Denmark (Scandinavian DLC)

  • 2 – 18 000 kg
  • 3 – 26 000 kg
  • 4 – 38 000 kg
  • 5 – 42 000 kg
  • 6 – 50 000 kg
  • >7 – 56 000 kg

France

  • 2 – 18 000 kg
  • 3 – 26 000 kg
  • 4 – 36 000 kg
  • 5 – 44 000 kg

Germany

  • 2 – 18 000 kg
  • 3 – 26 000 kg
  • 4 – 36 000 kg
  • >5 – 40 000 kg

Hungary (Going East DLC)

  • 2 – 18 000 kg
  • 3 – 25 000 kg
  • 4 – 36 000 kg
  • >5 – 40 000 kg 44 000 kg for 40 ft containers

Italy

  • 2 – 18 000 kg
  • 3 – 26 000 kg
  • 4 – 40 000 kg
  • >5 – 44 000 kg

Luxembourg

  • 2 – 19 000 kg
  • 3 – 26 000 kg
  • >4 – 44 000 kg

Netherlands

  • 2 – 21 500 kg
  • 3 – 30 500 kg depends on vehicle. Ranges form 21 500 kg up to 30 500 kg
  • 4 – 40 000 kg
  • >5 – 50 000 kg

Norway (Scandinavian DLC)

  • 2 – 19 000 kg
  • 3 – 26 000 kg
  • 4 – 39 000 kg
  • 5 – 47 000 kg 46 000 kg if tractor unit has 3 axles and trailer has 2 axles
  • >6 – 50 000 kg

Poland

  • 2 – 18 000 kg
  • 3 – 26 000 kg
  • 4 – 36 000 kg
  • >5 – 40 000 kg

Slovakia

  • 2 – 18 000 kg
  • 3 – 26 000 kg
  • 4 – 36 000 kg
  • >5 – 40 000 kg

Sweden (Scandinavian DLC)

  • 2 – 18 000 kg
  • 3 – 26 000 kg
  • 4 – 38 000 kg
  • 5 – 46 000 kg
  • 6 – 64 000 kg this data might be wrong
  • >7 – 64 000 kg

Switzerland

  • 2 – 18 000 kg
  • 3 – 26 000 kg
  • 4 – 36 000 kg
  • >5 – 40 000 kg

United Kingdom

  • 2 – 18 000 kg
  • 3 – 26 000 kg
  • 4 – 38 000 kg
  • 5 – 40 000 kg
  • >6 – 44 000 kg

Combination Recommendation(s)

Brief Explanation
The combination with the highest payload is the 7+ axle combination in Sweden. However, this is a country only limitation and therefore very uncommon for inernational transports.

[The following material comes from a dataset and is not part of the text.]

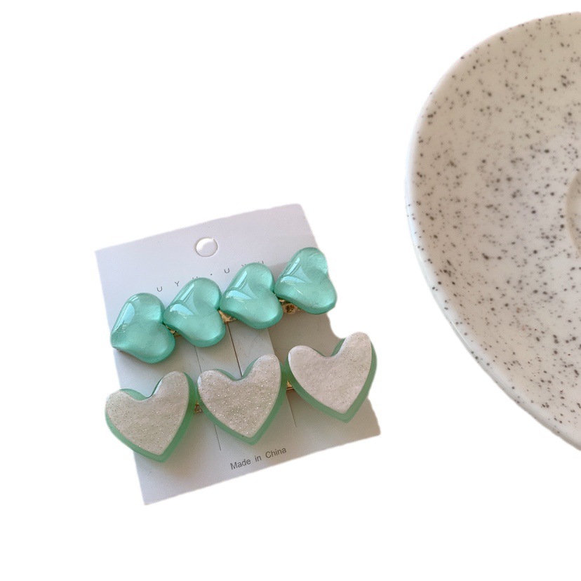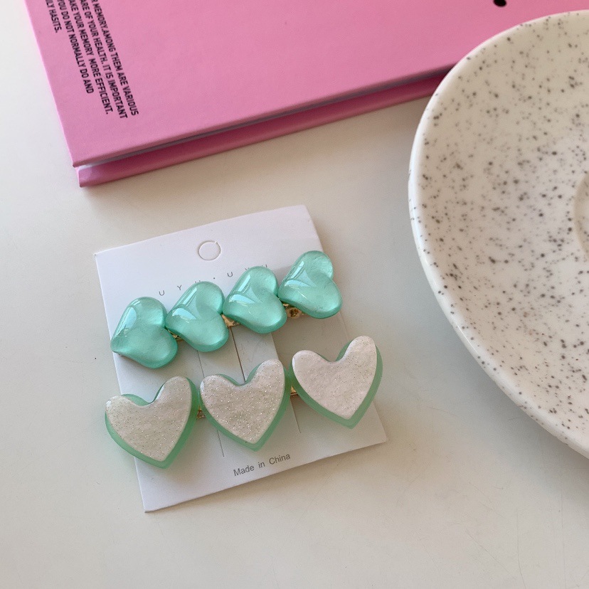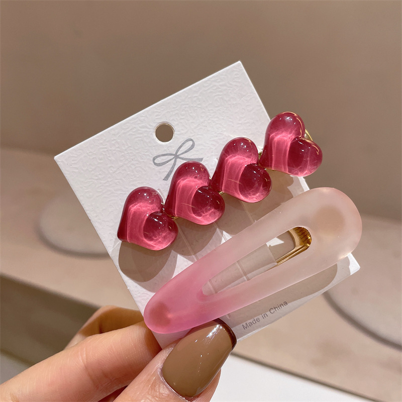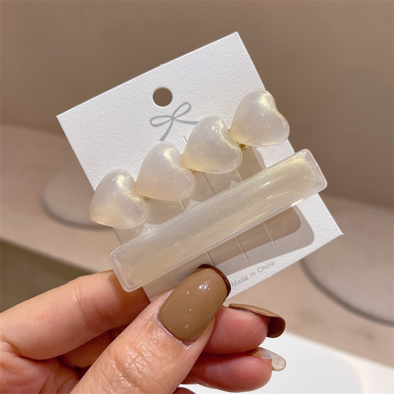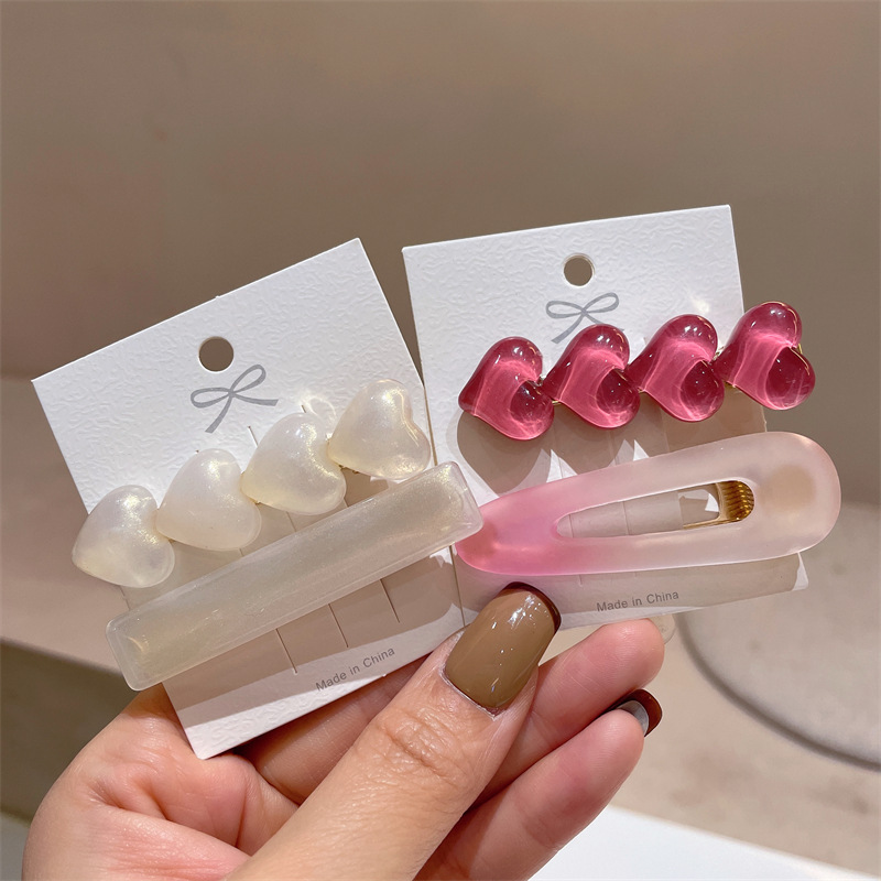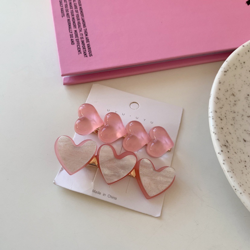 韩国东大门仙气白色发夹少女粉红色渐变爱心果冻鸭嘴夹套装发卡

Most trucks in Europe are 2+3 or 3+3 combinations.
And these are also the best combination you can use ingame.

As you can see in the tables above, you can see that most countries have a maximum weight limiation for combinations with 5 or more axles at the same mass. So adding more axles does not mean more maximum weight.

However, there is still some difference between 2+3 and 3+3 combinations. This is more of a personal preference, but with a 3+3 you can aso haul more cargo in some countries, compared to a 2+3.

I personally recommend using a 3+3 when you are driving a lot in the UK or in Scandinavia (Norway, Denmark, Sweden) as you only have a bonus on the maximum allowed weight there.

Stuff to look out for
Adding more axles to your trucks chassis will also increase it’s tare weight. Meaning you won’t have the full “bonus” if you want to add more axles.

The same also applies to trailers. More axles mean more tare weight, but also more payload.

Combinations with 7 or 8 or even more axles may not make any sense, because you will have a very high tare weight which will reduce your payload.

Other important stuff
Apprently the configuration of the axles doesn’t really matter in terms of placement.
It doesn’t matter if you have a 3 axle spread or a 3 “normal” axle trailer, they all offer you the same maximum weight that is allowed on the roads

Exceptions
These limitations may not apply to cargoes with in the Heavy cargo and Special Transport DLCs.

Haven’t tried it yet, but it seems pretty weird and unlikely to have an “illegal” combination within a Heavy or special transport. E.g. if you are hauling a 61 ton G6 Locomotive.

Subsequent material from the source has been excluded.